Schwarz-Pick lemma I have a strange problem, in a book from which I need to get prepared to give a lecture, it is written lemma, with no proof:
Let F be an analytic function from one simply-connected domain E to another, let us say G. Then $\lambda_E(x,y) \geq \lambda_G(F(x),F(y))$ where $\lambda(x,y)$ is the hyperbolic metric,and if G is a simply-connected region with at least two boudary points, then $\lambda_G(x,y)=\lambda(\phi(x),\phi(y))$ and where $\phi$ is a conformal isomorphism from G to unit disc, which exists due to Riemann theorem.

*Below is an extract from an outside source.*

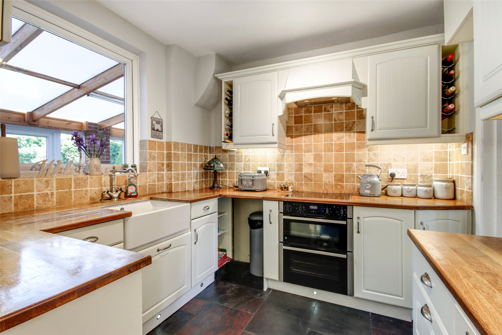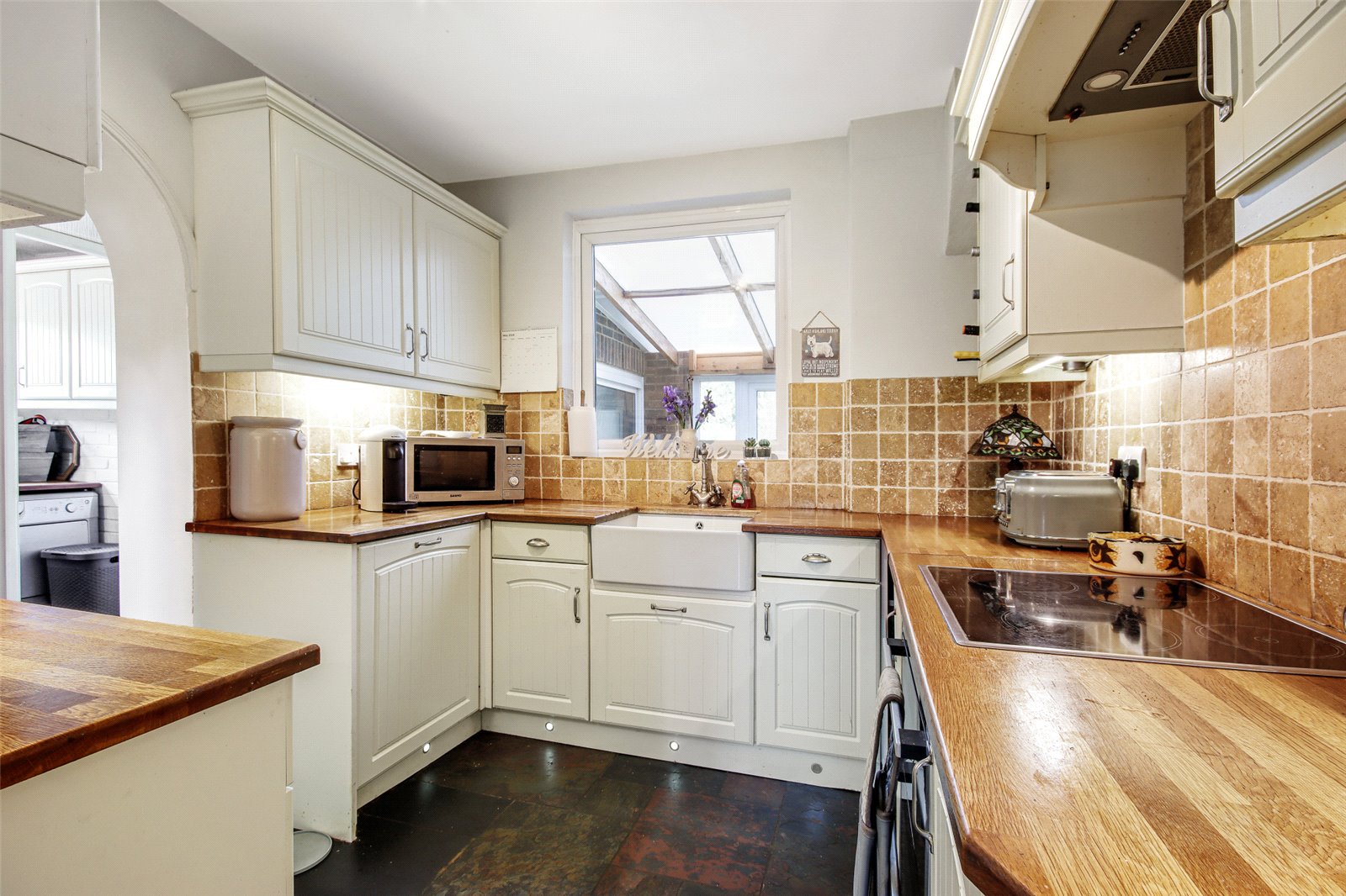 Kitchen 8'7" x 8'5" (2.62m x 2.57m). Double glazed window to rear, range of wall and base units, worktop space, inset butler sink, built in oven with inset hob and extractor over, part tiled walls, slate tiled floor, archway to:

And it is named Shwarz-Pick lemma. When I looked for the lemma , under that name there is just some lemma that includes derivatives, not this. The problem is that $\geq$ which exists in the lemma, because, if F is a conformal isomorphism, we could easily decompose it into $\phi_1^{-1} \circ f \circ \phi$ and $\phi_1, \phi$ being respectively isomorphisms. But, when you write everything down, definition and property that $f$ doesn't change $\lambda$, because it is a Moebius mapping, you get EQUALITY. But inequality I don't see. Please help.
 A: The book is good.
Bibliography:
Rivard.Un lemme de Schwarz-Pick à points multiples.
Avkhadiev & Wirths.Schwarz-Pick type inequalities.
Goloff & To.Holomorphic mappings, the Schwarz-Pick lemma, and curvature.
Amar & Amar.Sur les théorèmes de Schwarz-Pick et Nevanlinna dans Cn.
Yamashita.The Pick version of the Schwarz lemma and comparison of the Poincaré densities.
Anderson & Vasil'ev.Lower Schwarz-Pick estimates and angular derivatives.
Kaptanoglu.Some refined Schwarz-Pick lemmas.
Beardon.The Schwarz-Pick lemma for derivatives.
Yous should read the Avkhadiev & Wirths.Schwarz-Pick type inequalities book (BirkHauser, frontier in mathematics) for the link between the schwarz pick lemma and the Poincaré metrics.
A: You can conjugate your $F$ with a function $f:\>D\to D$ mapping the unit disk to itself. The statement is then equivalent with
$$\lambda\bigl(f(x),f(y)\bigr)\leq \lambda(x,y)\qquad(x,y\in D)\ .$$
For the proof we may assume $x=f(x)=0$; but then the statement is equivalent with the usual Schwarz' Lemma.